Your output should look like this:

{
  "tasks": [
    {"id": "fetch-a", "name": "fetch-source-a", "workflow_id": "...", "state": 0},
    {"id": "fetch-b", "name": "fetch-source-b", "workflow_id": "...", "state": 0},
    {"id": "merge", "name": "merge-data", "workflow_id": "...", "depends_on": ["fetch-a", "fetch-b"], "run_if": "success", "state": 0},
    {"id": "report", "name": "generate-report", "workflow_id": "...", "depends_on": ["merge"], "run_if": "success", "state": 0},
    {"id": "alert", "name": "send-alert", "workflow_id": "...", "depends_on": ["merge"], "run_if": "failure", "state": 0}
  ]
}

Response fields:

FieldDescription
workflow_idAll tasks share the same auto-generated workflow ID, linking them as a single workflow. Use this to identify all tasks belonging to this workflow.
depends_onOmitted from the response for root tasks (field is absent when empty).
run_ifOmitted from the response when not explicitly set; defaults to success behavior at runtime.

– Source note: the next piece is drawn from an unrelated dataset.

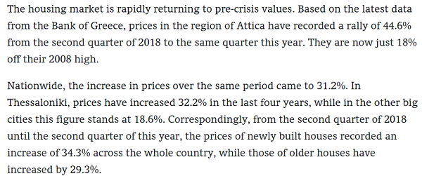阿提卡地區房價上升44.6%,塞薩洛尼基的房價上升32.2%,其他大城市房價上升18.6%;

Task and Dependency Fields

FieldTypeDescription
idstringTask identifier. If omitted, auto-generated as a UUID. Specify explicitly when other tasks need to reference it in depends_on.
depends_onarray of stringTask IDs that must complete before this task starts
run_ifstringCondition for execution: success (default) or failure
workflow_idstring (auto)ID of the workflow this task belongs to

The depends_on field references task IDs that must complete before this task runs. The manager validates:

  • All referenced task IDs exist in the workflow
  • No circular dependencies exist (DAG validation)

WASM Module Deployment

Tasks execute independently on proplets—possibly on different nodes—so each task needs access to its WASM module. There are two ways to provide it:

  1. Upload directly: Use PUT /tasks/{id}/upload with a multipart form to upload a .wasm file. The module is stored with the task record.
  2. Reference via URL: Set image_url when creating the task to reference a shared WASM file from a URL (e.g., OCI registry, HTTP server). The proplet fetches the module when execution begins.

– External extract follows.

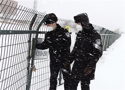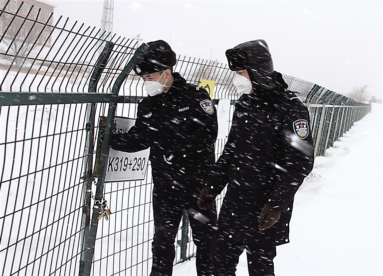 近日,锡林郭勒盟正蓝旗突降暴雪,面对暴雪天气,桑根达来车站公安派出所对管内铁路线路加大巡查力度,对踏雪进入车辆无法驶入的区域,认真检查铁路防护网,排查线路隐患,全力确保铁路运输安全。本报记者 马建荃 通讯员 王新龙 摄

Data Passing Between Tasks

When tasks depend on each other, downstream tasks often need access to results from upstream tasks. For example, a data transformation task needs the raw data extracted by its parent task, or an aggregation task needs outputs from multiple parallel processing tasks.

Propeller passes task results through the workflow coordinator. Each task receives the outputs from the tasks listed in its depends_on array—and only those outputs. This scoped data passing keeps workflows efficient and predictable.

Data Passing Between Tasks

Diagram explanation:

  • Task A produces results and completes
  • Task B receives Task A's results, processes them, and produces its own results
  • Task C receives results from both Task A and Task B
  • Each task receives only the outputs from tasks listed in its depends_on array

run_if Values

Conditional execution lets you build workflows that respond to task outcomes. Common use cases include:

  • Success handlers: Send notifications, trigger deployments, or start downstream processing only when upstream tasks succeed
  • Failure handlers: Send alerts, run cleanup routines, or log diagnostics when tasks fail

Conditional Branching

Diagram explanation:

  • Parent Task completes with either success or failure
  • Child Task (run_if: success) executes only when all parents succeeded
  • Child Task (run_if: failure) executes only when at least one parent failed
  • When conditions aren't met, tasks are marked Skipped (terminal state)
  • Skipped tasks don't trigger their downstream dependencies
ValueBehavior
success (default)Task runs only if all dependencies completed successfully
failureTask runs only if any dependency failed

Starting a Workflow

Start the root task (a task with no depends_on). The manager automatically schedules dependent tasks as their prerequisites complete:

curl -X POST "http://localhost:7070/tasks/{root_task_id}/start"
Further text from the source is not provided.